The Monetary Policy Board convened today and resolved to maintain the cash rate target at 3.85 percent. The decision reflects ongoing moderation in inflation, which has decreased significantly since its peak in 2022 due to higher interest rates balancing aggregate demand and supply.
In the March quarter, headline inflation was at the midpoint of the target range, while trimmed mean inflation stood at 2.9 percent. The baseline forecast from May predicted underlying inflation would continue to moderate towards the midpoint of the 2–3 percent range, assuming a gradual easing path for the cash rate. Recent monthly CPI data indicate that June quarter inflation aligns with this forecast but is slightly stronger than anticipated.
The Board acknowledged uncertainty in the global economy, with unknown outcomes related to US tariffs and policy responses from other countries. Despite financial market rebounds suggesting extreme outcomes may be avoided, trade policy developments are expected to negatively impact global economic activity.
Domestically, private demand appears to be recovering gradually with real household incomes increasing and some financial stress measures easing. However, certain sectors report difficulties passing on cost increases due to weak demand.
Labour market conditions remain tight with low labour underutilization rates and constraints on labour availability for employers. Wages growth has softened from its peak without a corresponding increase in productivity growth, leading to high unit labour costs.
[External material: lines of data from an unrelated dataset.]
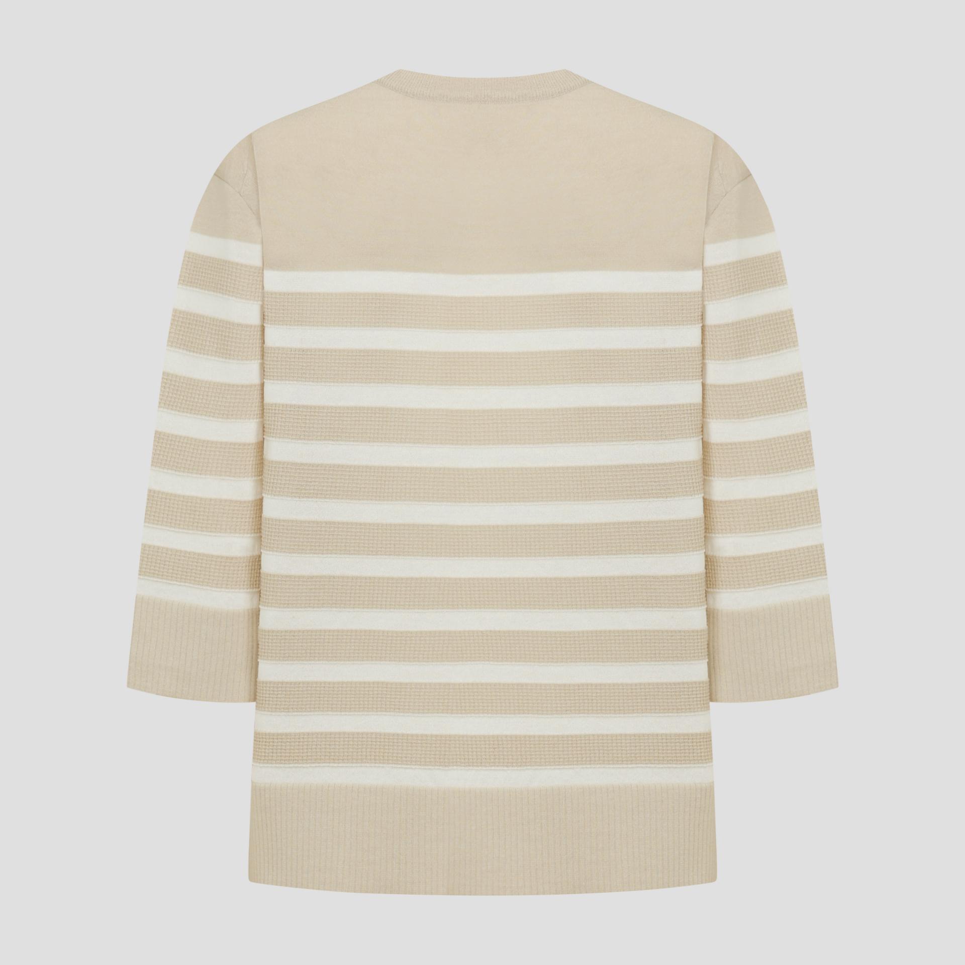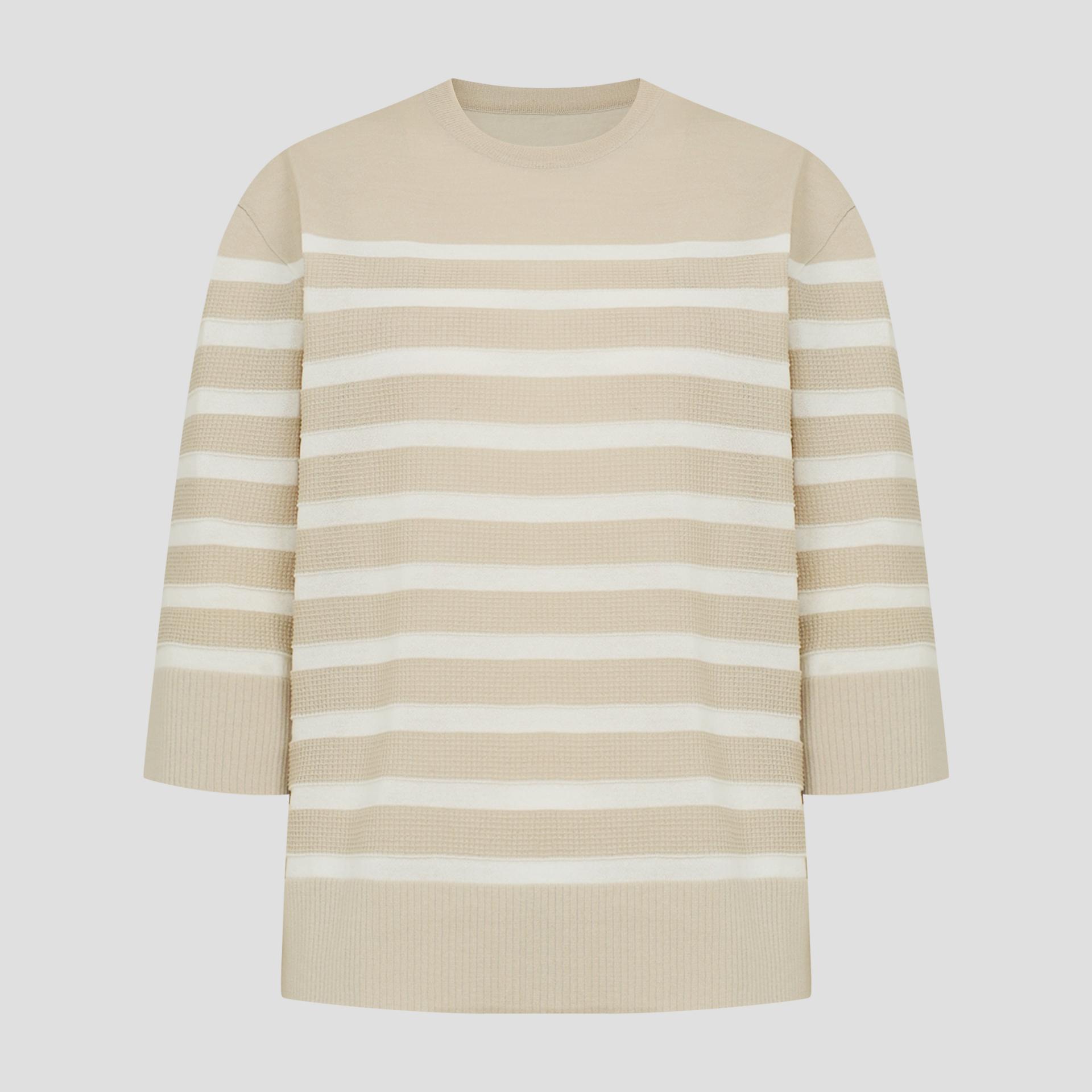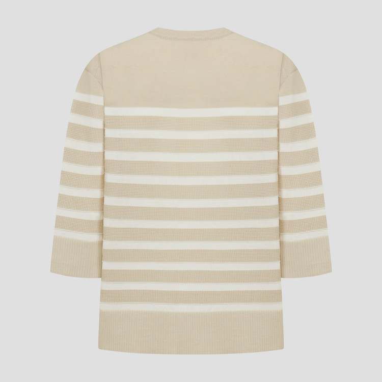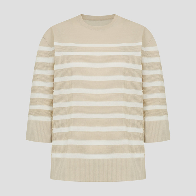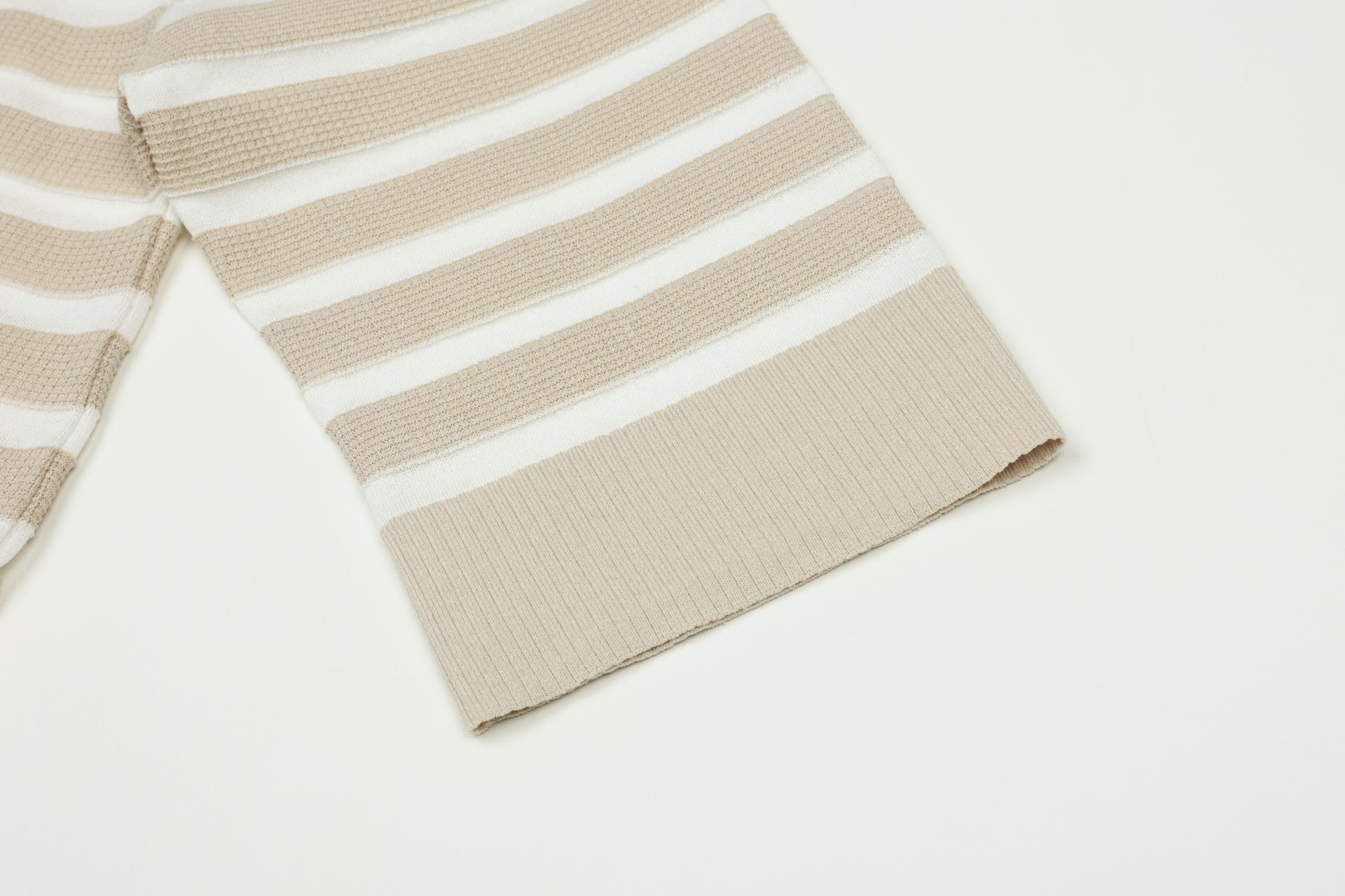 기본 U넥 디자인과 경쾌한 스트라이프 패턴 디자인으로 깔끔한 실루엣을 자아내며, 스트라이프 컬러 블록과 함께 2:1 양두 조직의 믹스 조직으로 디테일을 더했습니다.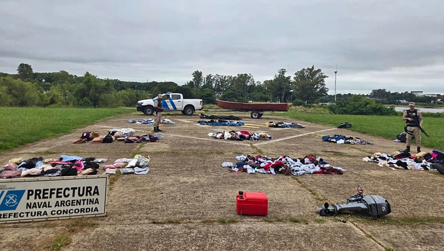 Con intervención del Juzgado Federal de Concordia, se procedió al secuestro de 10 bultos conteniendo 901 prendas de vestir, un bote de chapa de seis metros de eslora y un motor fuera de borda de 15 HP, elementos vinculados a la maniobra ilegal.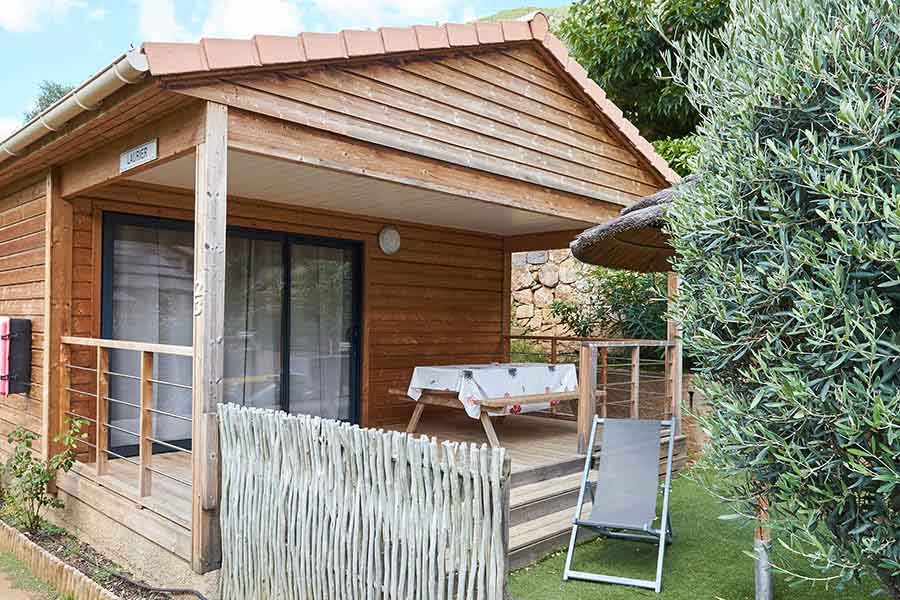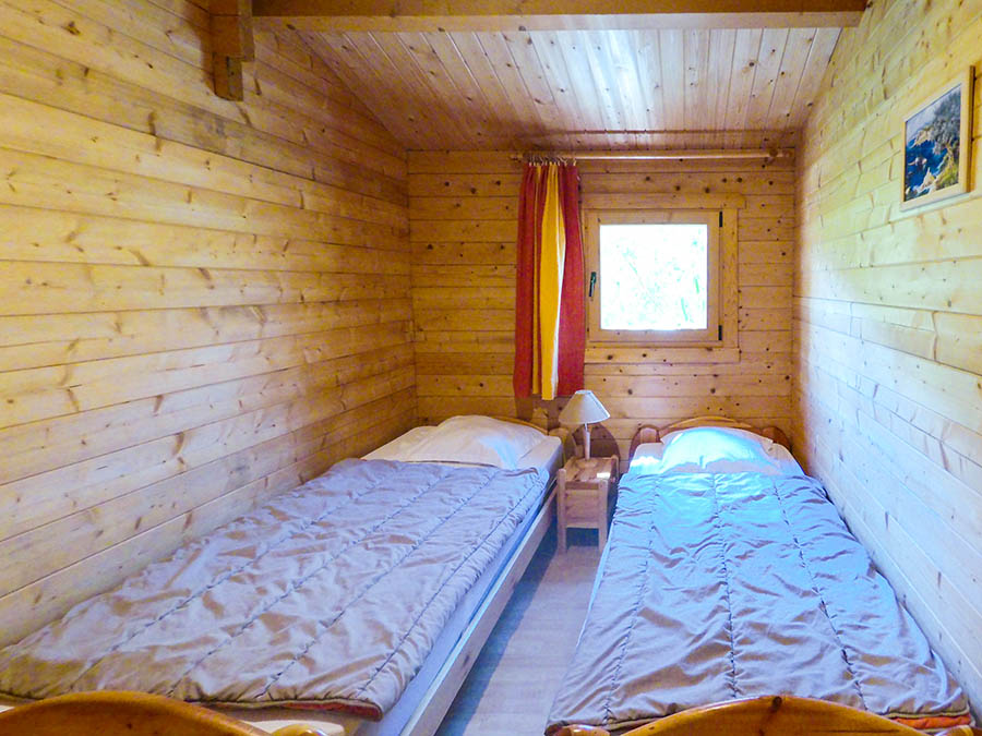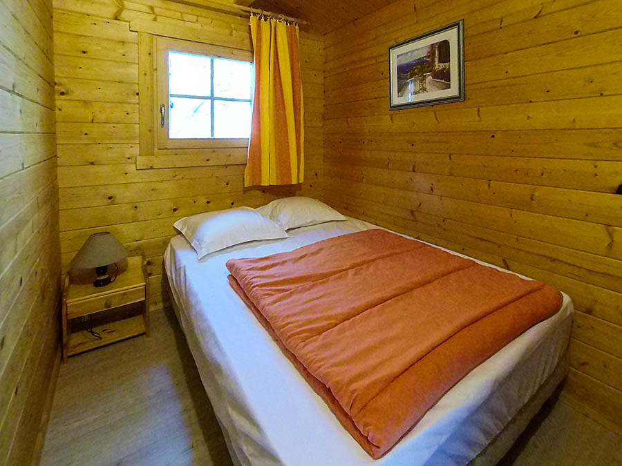 • Chalet "Scandola" 35 m² (1 à 5 personnes, 2 chambres) : une chambre avec un lit double en 140x200 et une 2ème chambre avec un lit superposé et un lit tiroir.

Uncertainties persist regarding domestic economic activity and inflation due to both domestic and international factors. While domestic demand has picked up over six months according to March quarter national accounts, there is a risk that growth in household consumption may slow more than expected.
The Board remains focused on maintaining price stability and full employment amid these uncertainties. It judged that waiting for additional information is prudent before confirming whether inflation will sustainably reach 2.5 percent. Monetary policy remains positioned to respond decisively if international developments materially affect Australian activity and inflation.
Today's decision was made by majority vote: six members were in favor while three opposed it.